И в больнице забот не убавлялось. Больше всего — о продуктах. Запасы таяли, да и то, что оставалось, все труднее было укрыть от глаз полицаев и гестаповцев. Они все меньше верили, что раненых кормят за счет населения.

Население действительно помогало, но только мукой, особенно с тех пор как «совет национальностей» надумал бесплатно выпекать жителям хлеб из их же муки, а припек оставлять раненым. После объявления в церкви не нужно было больше никаких других оповещений — мука пошла. Ее несли в мешках и кулечках, везли даже на тачках. Большой ларь, что срочно сбил Фадеев для ссыпки муки, не пустовал.

«Профессора хлебных дел» работали отлично, слава об их духовитом и пышном хлебе распространилась по городу. Обе печи горели день и ночь, выпускали две-три, а то и до четырех тонн хлеба. В больнице ввели госпитальную норму, открыли столовую для сотрудников и выдавали хлеб по нормам, которые существовали в городе до оккупации.

Через пекарню нашли дорогу к больнице работники детского дома, который тоже остался в городе. Ни оккупационные гитлеровские власти, ни «господа» из городской управы не проявляли интереса к судьбе ребят. Кроме одного случая, когда они забрали оттуда девять малышей еврейской национальности, чтобы расстрелять их.

Ребята голодали. Узнали об этом работники больницы, и детский дом стал получать хлеб из пекарни Красного Креста.

Командование отряда поддерживало с Утробиным отдельную связь, Вот и на этот раз пришла к нему связная с ничего не значащей запиской, в которой старый приятель просил Илью Даниловича разрешить подательнице помыться в санпропускнике.

Но рука Утробина, державшая эту записку вдали от глаз, вдруг задрожала. Утробин снял очки, протер их, посмотрел на посетительницу и снова впился в клочок бумаги… Нет, среди своих приятелей Никанора он не помнит, даже уверен — такого и не существует. Но почерк… Почерк Николая Николаевича давно и хорошо ему известен.

Прижав на столе записку, точно опасаясь, что она улетит, Утробин рассматривал подательницу. Пожилая женщина, по виду даже старуха. Одета в обычный для дней оккупации ватник, «куфайку», как называли их в городе. На ногах — подобие бурок, с голенищами из серой материи с ватой. «Из одеяла», — решил Утробин. На голове — солдатский треух из искусственного меха. Женщина спокойно сидела, точно и не замечая, что ее изучающе рассматривают. На лице — выражение сосредоточенной усталости. Глаза в сгущавшихся сумерках казались очень темными и глубокими.

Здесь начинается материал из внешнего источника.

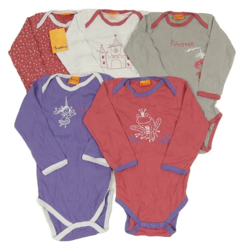 tmavofialovo/bílé s vílou, jahodovo/tmavofialové se žabičkou, jahodovo/bílé s korunkami a srdíčky, bílo/jahodové se zámkem, šedo/jahodové s muchomůrkou, nové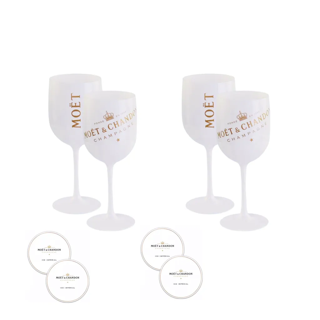 Moët & Chandon Champagnergläser ICE IMPERIAL 450ml Aus Acryl Set Mit 4 Gläsern Inkl. Untersetzer

— Ну и как же чувствует себя мой приятель Ник… — Утробин как бы поперхнулся. — Ник… анор?

— Привет передает. Все у него хорошо. Просил о нем не беспокоиться. — Связная не спеша докладывала: — Вашу задачу в отряде понимают так: и впредь, всеми силами обеспечивать спасение раненых, поддерживать у них бодрое настроение, веру в спасение, в скорое изгнание врага. Используйте для этого и сводки Совинформбюро. Вы их будете получать, может быть, не ежедневно, но часто.

— Трудно ведь с гор-то… — вставил реплику Утробин, — разве доставишь их ежедневно.

— Зачем же с гор? Здесь принимаем… Только со сводками осторожно. Как они у вас дойдут до больных?

Утробин, не называя фамилии, рассказал об Охапкине, его работе, о том, что через него и сводки пойдут…

— Когда будет объявлена регистрация коммунистов — сразу же регистрируйтесь. В городе вас знают. Будете уклоняться от гестаповского учета — на больницу беду накличете… И строжайший наказ — при опасности немедленно уходить из города. Учтите — это не только забота о вас, но и опять же о раненых. Важно, чтобы никто из больницы не попал в гестапо. Никто! Обставьте так, что вы уехали за продуктами и исчезли…

Договорились на этот случай о путях связи с Охапкиным — через Данилова.

После регистрации Утробина на время оставили в покое, никуда не вызывали и ни о чем не спрашивали. Потом зачастили полицаи, искали партизанских связных, которым якобы приют в городе дает Утробин.

В последнее время они видели Утробина не часто — он надолго отлучался в поисках мяса: выискивал на окраинах города коров, которых нечем было кормить, и свиней, за которыми охотились гитлеровские интенданты.

Не оказалось на месте Утробина и в тот день, когда к больнице подъехала машина с ефрейтором гестапо и двумя полицаями.

— Где Утробин? — спросили полицаи сторожа.

— Утром видел, а больше не появлялся.

— Найти!

Оба полицая пошли по территории больницы, побывали в складах, на кухне, в конторе — Утробина не нашли.

Ефрейтор снова послал полицаев на поиски, а сам уселся на скамейке и покуривал.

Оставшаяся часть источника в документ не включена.